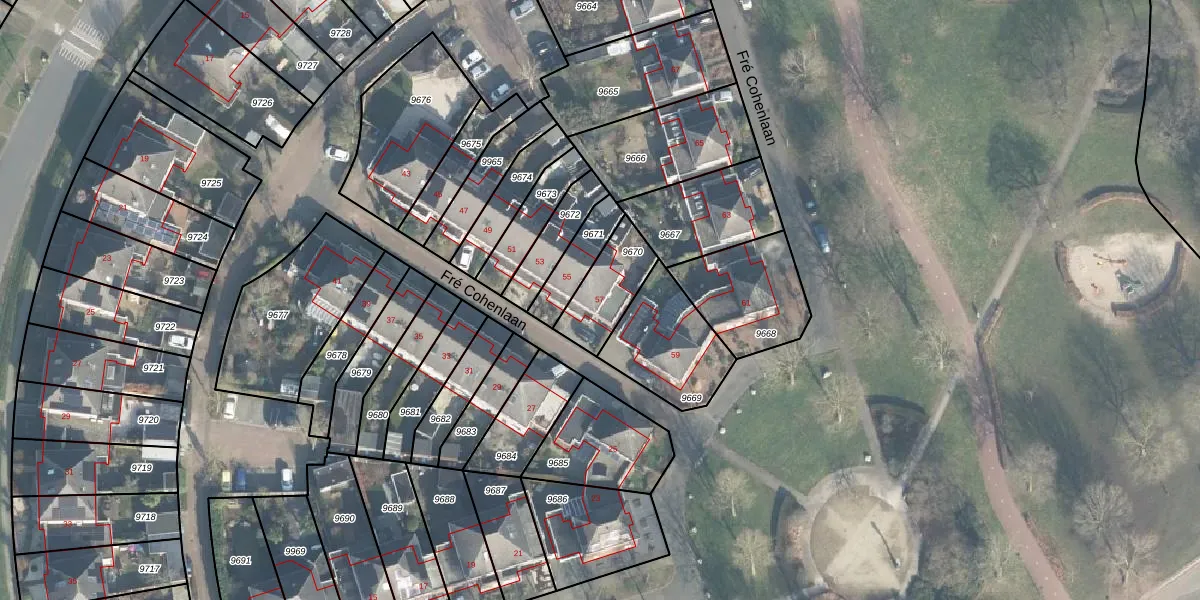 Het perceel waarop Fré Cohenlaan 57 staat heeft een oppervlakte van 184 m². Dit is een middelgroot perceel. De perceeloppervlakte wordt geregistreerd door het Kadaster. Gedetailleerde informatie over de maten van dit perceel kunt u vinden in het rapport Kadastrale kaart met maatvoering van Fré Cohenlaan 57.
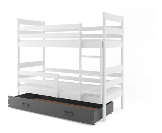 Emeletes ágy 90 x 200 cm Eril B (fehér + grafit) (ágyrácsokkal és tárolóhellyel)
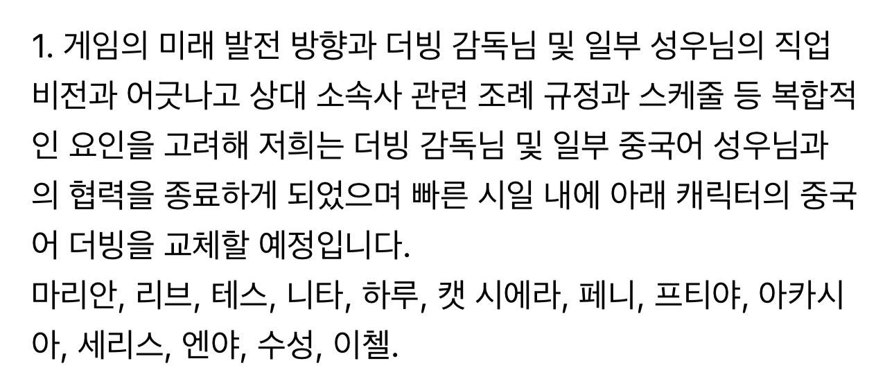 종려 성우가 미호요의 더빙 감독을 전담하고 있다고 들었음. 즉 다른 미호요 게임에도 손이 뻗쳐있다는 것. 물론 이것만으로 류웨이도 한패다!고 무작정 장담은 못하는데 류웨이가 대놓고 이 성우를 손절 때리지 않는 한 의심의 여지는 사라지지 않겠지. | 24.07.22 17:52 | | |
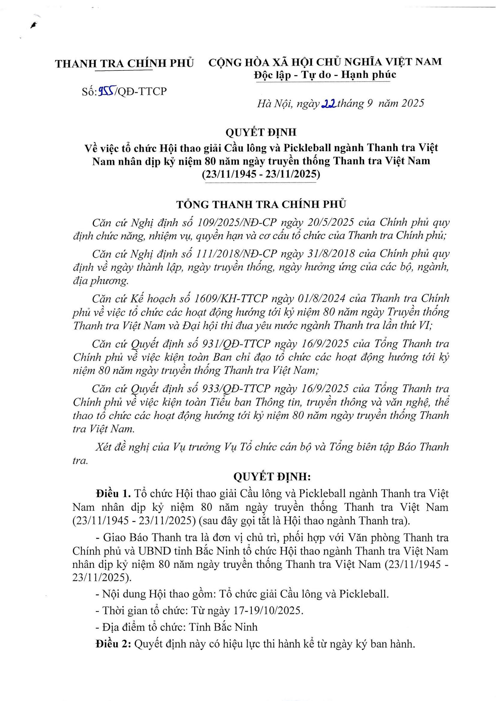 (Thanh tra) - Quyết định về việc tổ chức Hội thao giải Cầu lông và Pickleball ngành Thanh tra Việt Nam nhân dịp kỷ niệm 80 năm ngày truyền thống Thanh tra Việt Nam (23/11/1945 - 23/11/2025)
---
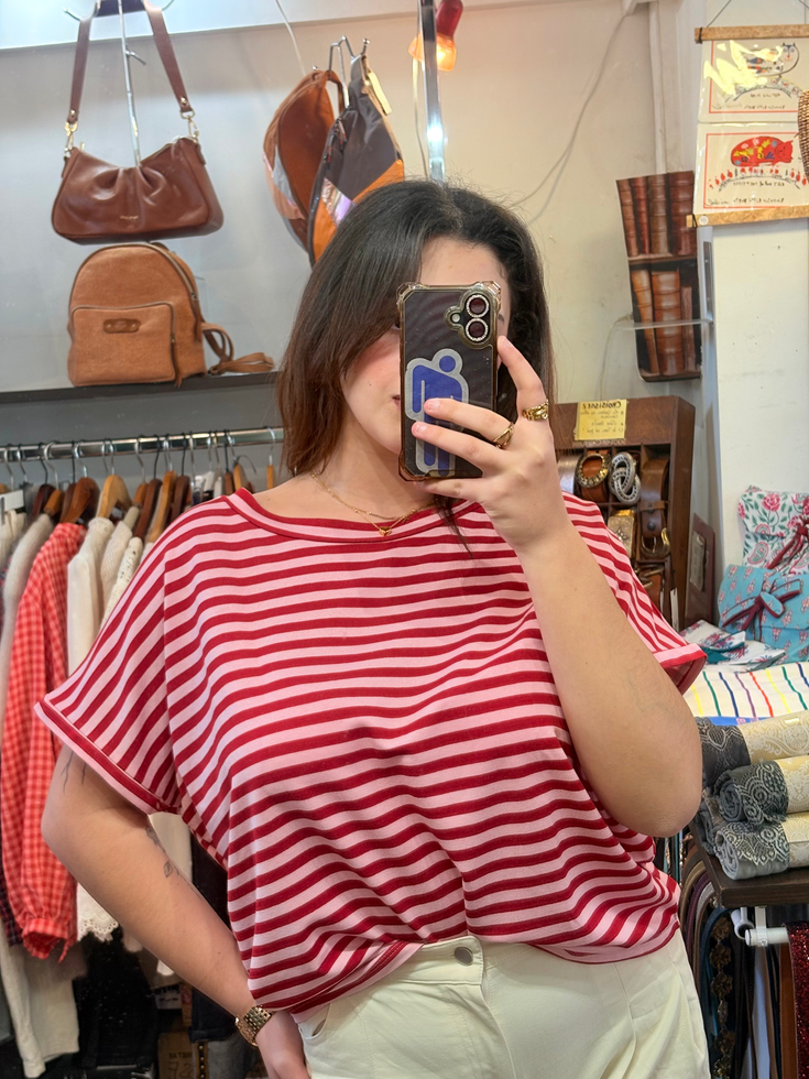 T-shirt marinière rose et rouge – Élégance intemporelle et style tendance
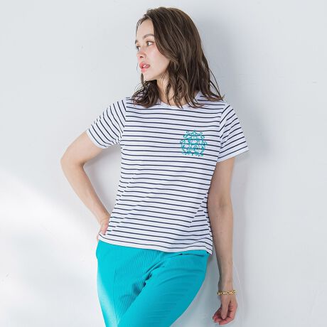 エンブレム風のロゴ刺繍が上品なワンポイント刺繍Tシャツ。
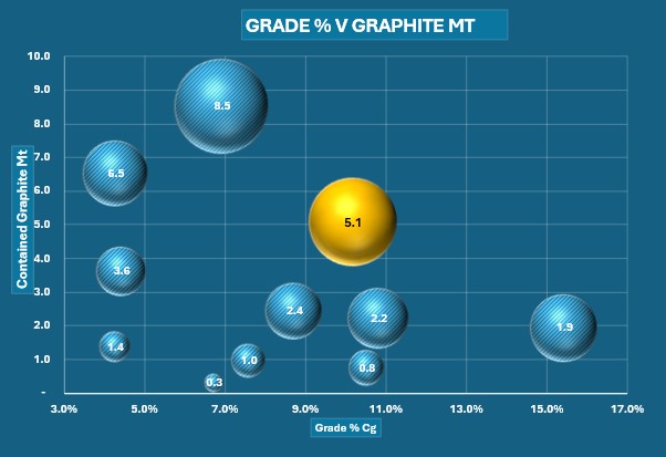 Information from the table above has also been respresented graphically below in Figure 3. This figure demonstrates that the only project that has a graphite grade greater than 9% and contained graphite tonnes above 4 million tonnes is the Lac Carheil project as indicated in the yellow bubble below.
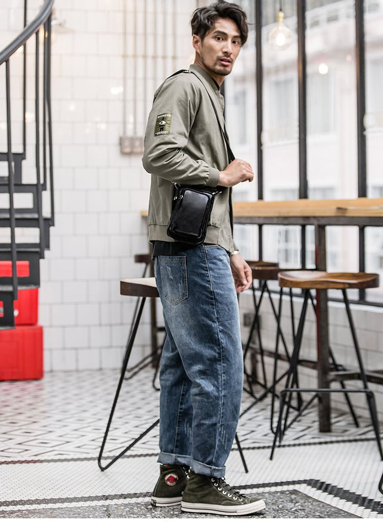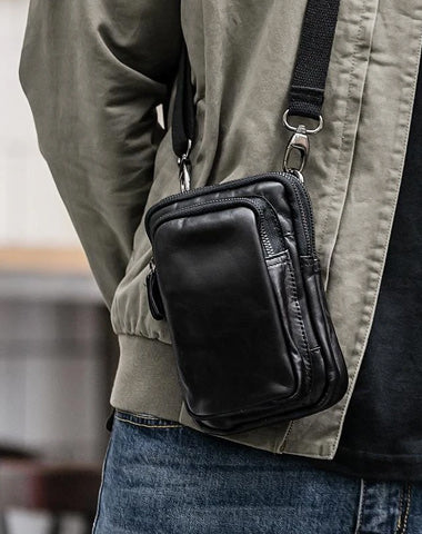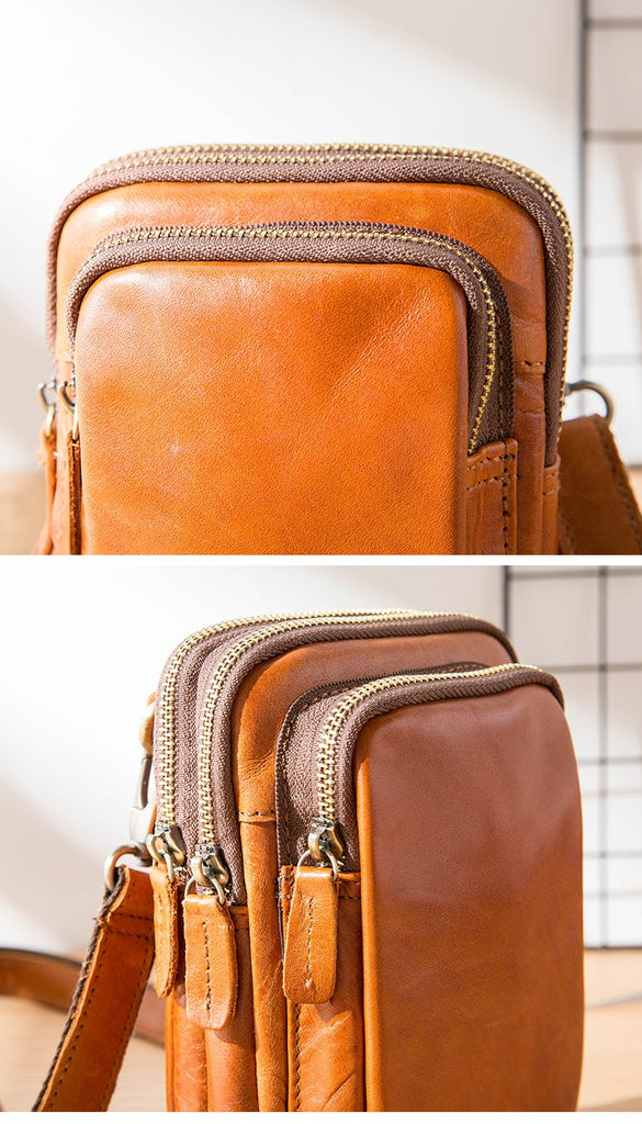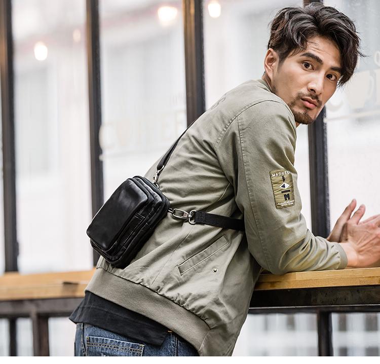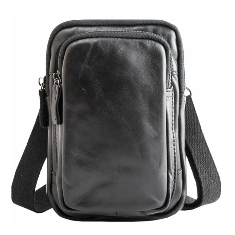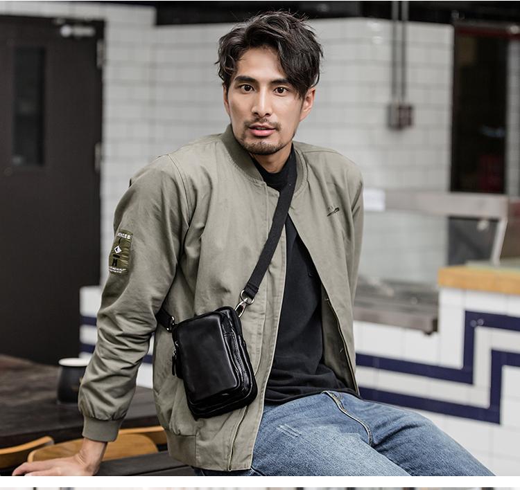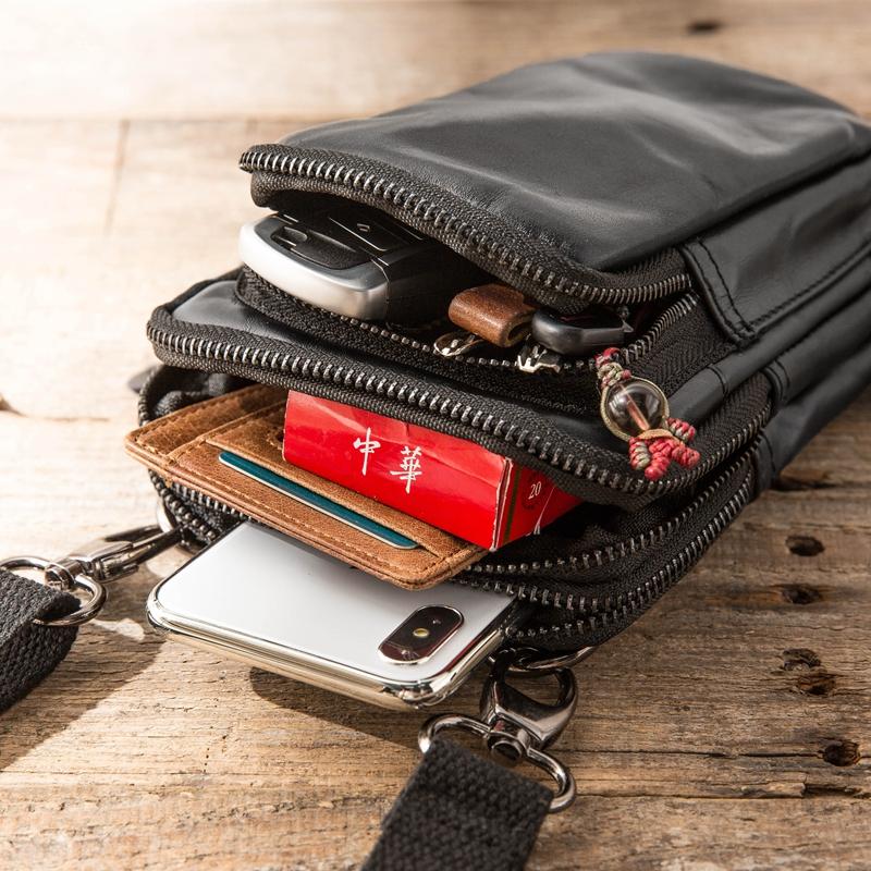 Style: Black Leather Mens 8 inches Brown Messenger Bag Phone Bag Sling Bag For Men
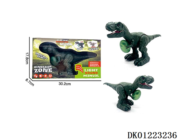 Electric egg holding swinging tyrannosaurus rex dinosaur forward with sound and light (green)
* * *
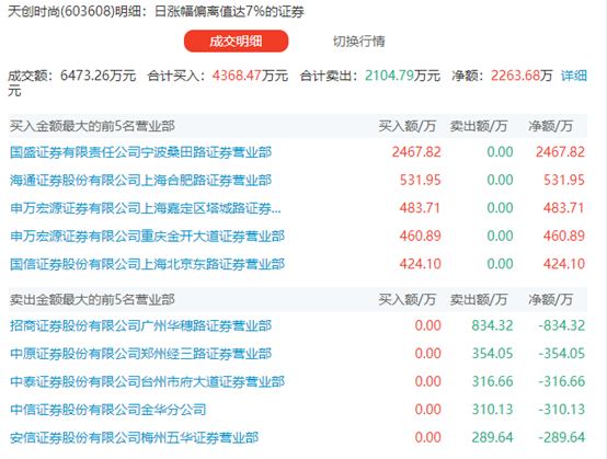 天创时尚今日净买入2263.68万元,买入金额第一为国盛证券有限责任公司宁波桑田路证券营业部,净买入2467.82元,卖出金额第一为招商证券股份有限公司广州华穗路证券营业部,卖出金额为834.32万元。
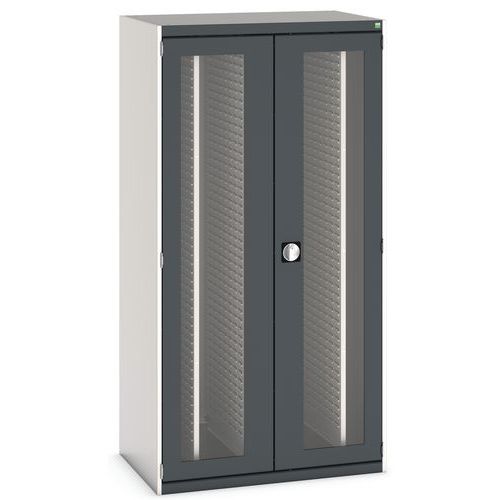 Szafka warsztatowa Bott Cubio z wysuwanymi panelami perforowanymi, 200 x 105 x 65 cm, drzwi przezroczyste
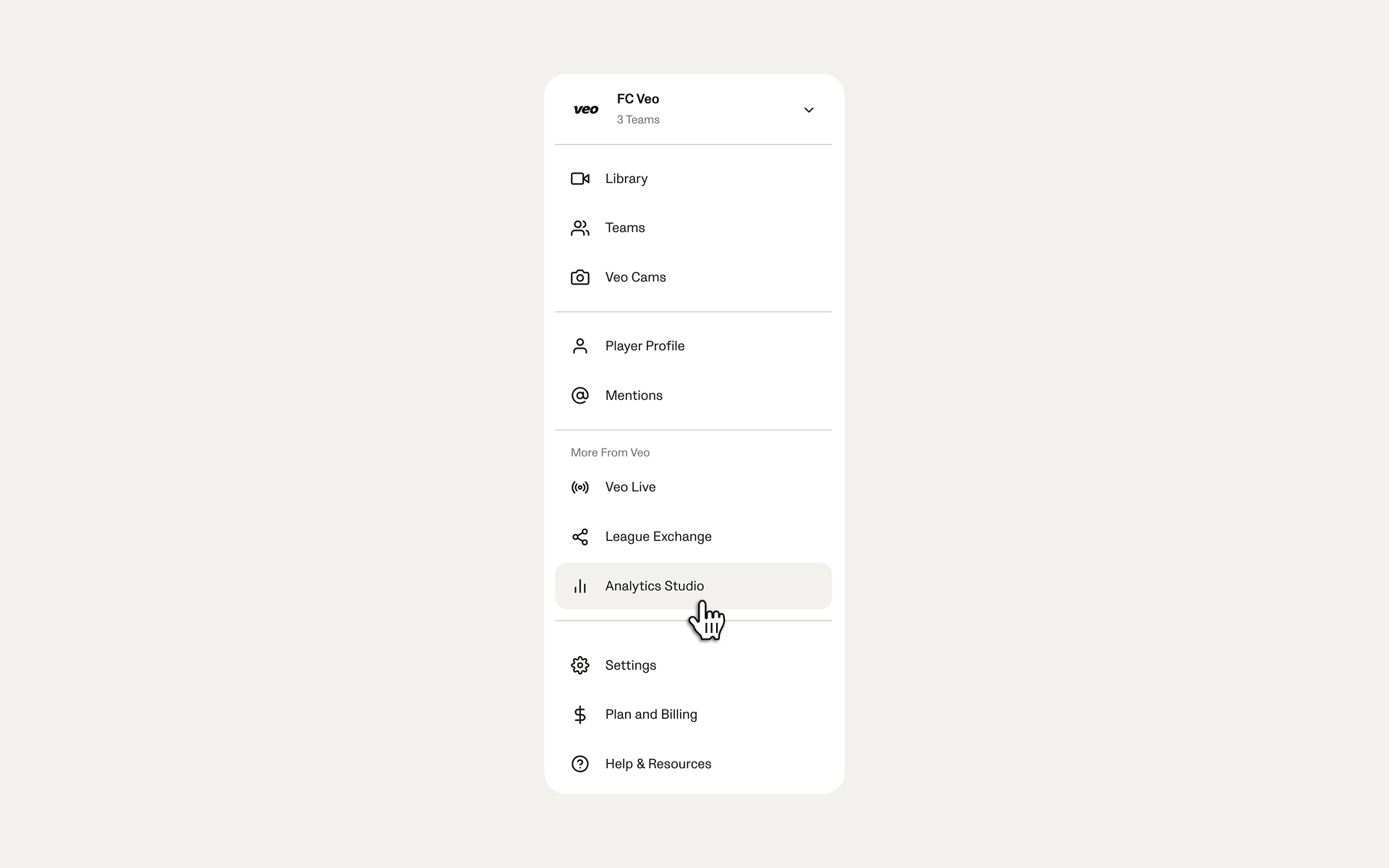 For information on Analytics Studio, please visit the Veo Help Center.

Your task:
Without the pictures, give again exactly the lines above starting at the line containing "Szafka warsztatowa Bott" and ending at the line containing "For information on".

Answer:
 Szafka warsztatowa Bott Cubio z wysuwanymi panelami perforowanymi, 200 x 105 x 65 cm, drzwi przezroczyste
 For information on Analytics Studio, please visit the Veo Help Center.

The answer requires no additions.